Were they an advance in terms of composition, however? Today, when I write an article on my Mac, I can rearrange its structure at will, move sentences, paragraphs, words in a moment. Second thoughts can obliterate first thoughts. My spelling – previously bee-worthy, now disabled by the phonetics of shorthand – does not need to be good, and autocorrect can catch errors before I even know I’ve made them. Does this make us more careless? Typewriters, being dumb machines (opposed to our ‘smart’ computers), do not allow such rejigging.
Manuscripts, too, are much closer to typewriters in their inflexibility: most changes must wait for the next draft. (Picture: Raymond Carver at his typewriter.)
The advantage of flexibility that computers give, however, gives a false impression of the creative process, even as it makes it slicker. One of the reasons universities and libraries are always trying to get hold of writers’ archives is not just for the unpublished material, but for the hand-written addenda and corrigenda and notes that manuscripts have. Did Evelyn Waugh want to replace this word with that? Was Virginia Woolf originally intending to have Mrs Dalloway buy the roses herself?

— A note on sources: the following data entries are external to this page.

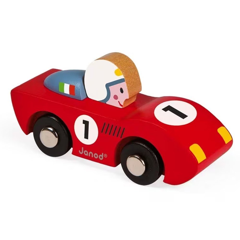Ξύλινο αγωνιστικό αυτοκίνητο. Συγκέντρωσε όλα τα μοντέλα της σειράς: ταχύτητας, φόρμουλα 1, ρετρό αυτοκίνητο, σπορ και αγωνιστική μηχανή. Συμβατά με όλα τα σετ της σειράς Story. Εκτύπωση: θερμοτυπία. Ξύλο: κερασιά. Το κεφάλι του πιλότου και το πίσω φτερό είναι στερεωμένα με βίδα και κόλλα, οι τροχοί με μεταλλικά πριτσίνια, κάνοντας το παιχνίδι αυτό εξαιρετικά ασφαλές για παιδιά ηλικίας κάτω των 3 ετών. Διατίθεται σε 6 σχέδια (3 μπλε + 3 ασημένια γκρι αυτοκίνητα). Ανοιχτό κουτί με εσωτερικό ΡΕΤ. Το κουτί διαθέτει μικρή λαβή στο πάνω μέρος και μπορεί να κρεμαστεί.
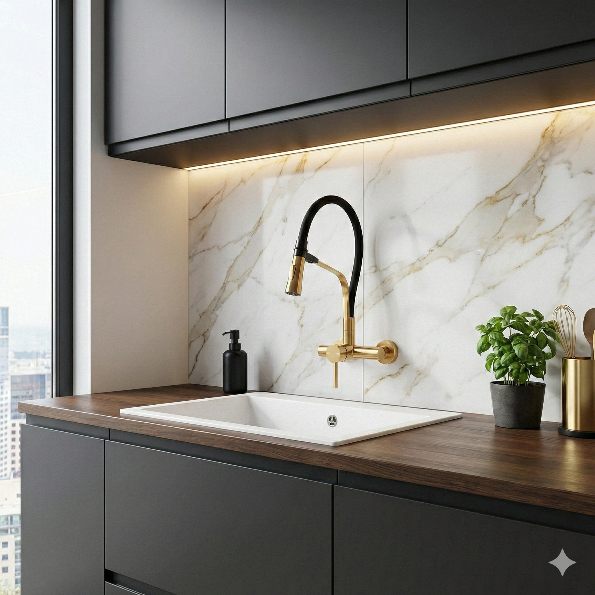 היה הראשון לכתוב סקירה “ברז מטבח מהקיר + פיה גמישה | דגם "ברנדון" | זהב מוברש בשילוב שחור מט | מק"ט 613/2”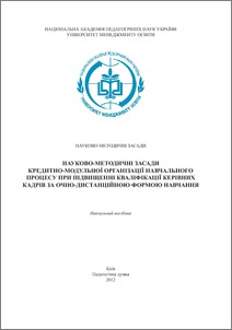 Олійник, В.В., Гравіт, В.О. and Ляхоцька, Л.Л. (2012) Scientific-methodical base of credit-module organization of curricula for improvement of qualification skills of managerial staff of full-time and distance forms of study . Університет менеджменту освіти НАПН України, "Педагогічна думка", м.Київ, Україна. ISBN 978-966-644-279-9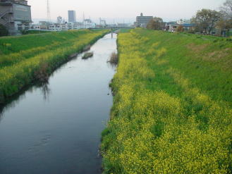 | 松本酒造の酒蔵が並ぶ新高瀬川の堰堤は、春になると一面に菜の花に彩られます。 2005年4月16日撮影 |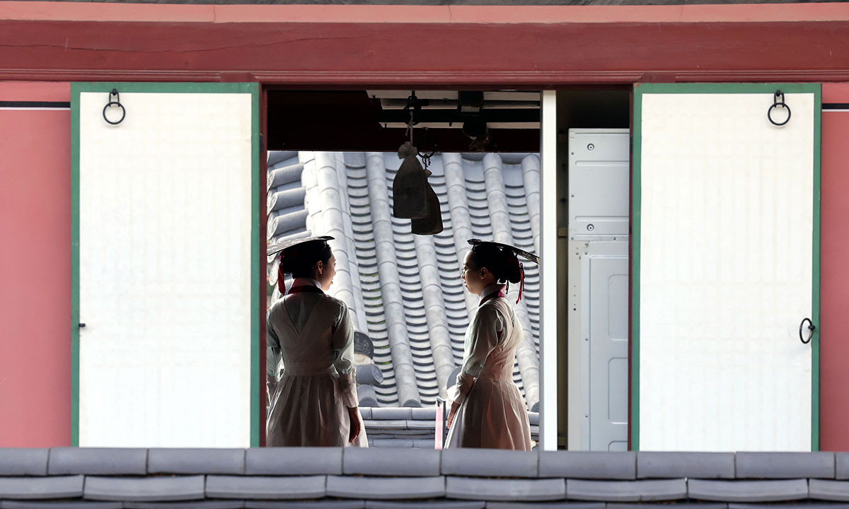 서울 창덕궁의 한 전각에서 열린 문 사이로 조선시대 의녀 복장을 한 약다방 직원 두 명이 마주 서서 대화를 나누고 있다. 흰색 저고리와 치마, 전통 머리 장식과 갓을 착용한 모습은 마치 과거로 시간 여행을 온 듯한 분위기를 자아낸다. 궁궐이라는 특별한 공간에서 차와 다과를 즐기며 특별한 시간을 보내보자./2025.10.02./이재문 기자

The process of handwriting, then hand-editing, work, with scratchings-out and addings-in, is much more revealing of the thought process of the writer than seeing an electronically-edited version. We still get markings on drafts, but many revisions have already been dealt with. Thanks to computers, a printed page of text is now a blank slate.
I am reading a new biography of Tolstoy for the Spear’s Book Awards, and while bashing out War and Peace on a typewriter or a computer would be some achievement, to have handwritten it – six thousand manuscript pages, according to the biog – is astonishing. Even for a slim novel, handwriting is a labour. Is the time-consuming process worth it? Presumably we wouldn’t put pen to paper until we’d thought a little more. And think, if you so choose, of posterity.
The typewriter might not be dead, but most of the benefits of its inflexibility are.